The move to try the driver iden­tified as Mr. James Elegbede was dis­closed by the Secretary to the Gov­ernment of the Federation (SGF), Mr. Babachir Lawal.

Lawal, who is the chairman of the Federal Government’s 13-mem­ber burial committee for the deceased minister, disclosed this to newsmen in response to questions on the fate of the driver who had been indicted by the FRSC’s interim report.

He, however, stated that the pros­ecution of the driver would wait un­til FRSC’s full investigation report is made available to determine the lev­el of his culpability.

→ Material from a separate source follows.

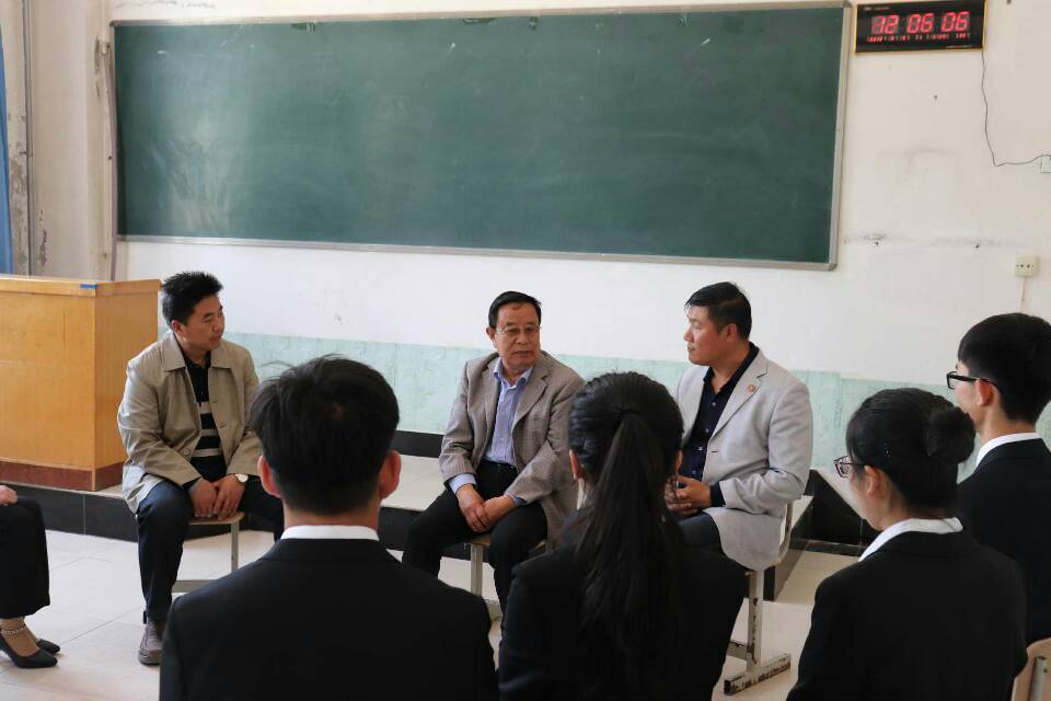 为深入贯彻落实全国教育大会精神,创新大学生思想政治教育形式和内容,使大学生深刻感受中国的历史性变革和伟大成就,教育引导广大青年学生坚定“四个自信”,切实增强广大青年对中国共产党的领导和中国特色社会主义的思想认同、情感认同、价值认同,落实省教育厅“读懂中国”活动,彰显“五老”同志崇高的精神风貌和关爱后辈的责任担当, 2019年5月23日,甘肃医学院临床医学系特邀我院退休老教师,原平凉医专党委副书记、外科学教授王文新同志,原平凉医专教师、和平医院院长、内科学教授苏智民同志,原平凉医专工会主席、生理学教授刘让元同志莅临我系,开展“积极发挥‘五老’优势,共育时代新人”主题座谈会,出席本次座谈会的有:甘肃医学院临床医学系党总支副书记李宝成、甘肃医学院临床医学系学生管理科科长周永红及全体学生干部。

Lawal said: “Nigeria is not short of laws; the problem is that Nigerians find it very difficult to obey the laws. There is a speed limit in place and so if anybody chooses not to obey the traf­fic laws, of course, it is subject to pros­ecution by the agencies concerned.

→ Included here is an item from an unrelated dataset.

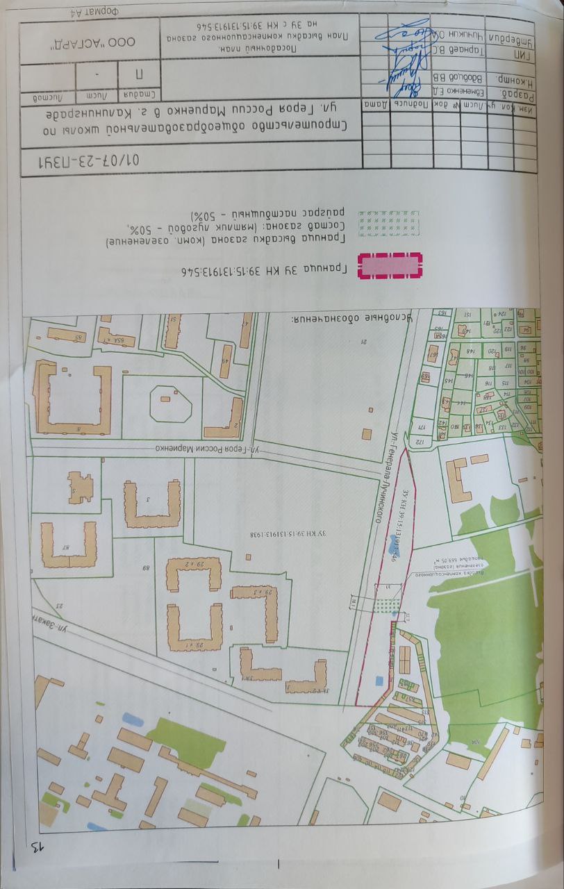 | МБУ "УКС". Строительство общеобразовательной школы по ул. Героя России Мариенко в г. Калининграде | ул. Героя России Мариенко (КН 39:15:131913:1938), ул. Артиллерийская (КН 39:15:131913:546) | посадка 175 деревьев, 27 кустарников , обустройство 18534 кв. м. газона обыкновенного |

“But as to this particular incident, I think we will leave it until the final report of the investigation comes out. But as we say, accident is accident and nobody goes out deliberately to som­ersault and die.”

Assuaging concerns that the in­jured driver and other aides’ still recu­perating in the hospital after the acci­dent and their families may have been neglected, Lawal said that “the gov­ernment decided to give employment to the children of the late minister be­cause he was the breadwinner and the children are now orphans.

“On the other hand, the driver survived and the government is tak­ing care of their medical bills at the National Hospital and they (other aides) are also government workers as some of them are policemen, SSS and others.

“So, they are on salary and are treated free, but – God forbid that had any of them suffered the same fate as those who died, the President would have willingly included them in the list of beneficiaries.”

On reports that a family mem­ber made allegations of foul play in the death of the Ocholis, the SGF said that government was not aware of that but that anyone with useful informa­tion should report to the appropriate agencies.

The FRSC had on Monday told President Muhammadu Buhari that over-speeding and non-use of safety seat belts led to the accident on the Abuja-Kaduna Road.

The Corps Marshal of the FRSC, Boboye Oyeyemi, who presented the interim accident report on the crash at a valedictory session of the Federal Executive Council (FEC) in honour of Ocholi, said that the driver of the ve­hicle was inexperienced and had no valid driver’s licence captured on the national database.

Oyeyemi said that following the impact of the crash, the late minister and his son were ejected from the ve­hicle while the wife was trapped by the left passenger door before the car slid to a halt.

It added that “the ejection of the minister and his son who occupied the rear seats confirmed the fact that their rear seat belts were not in use and on the contrary, the driver and the orderly survived because the front seat belts were in use.”

Oyeyemi said “information gath­ered revealed that the driver of the crashed vehicle was actually moving in excess of the stipulated speed lim­it when he had a burst tyre.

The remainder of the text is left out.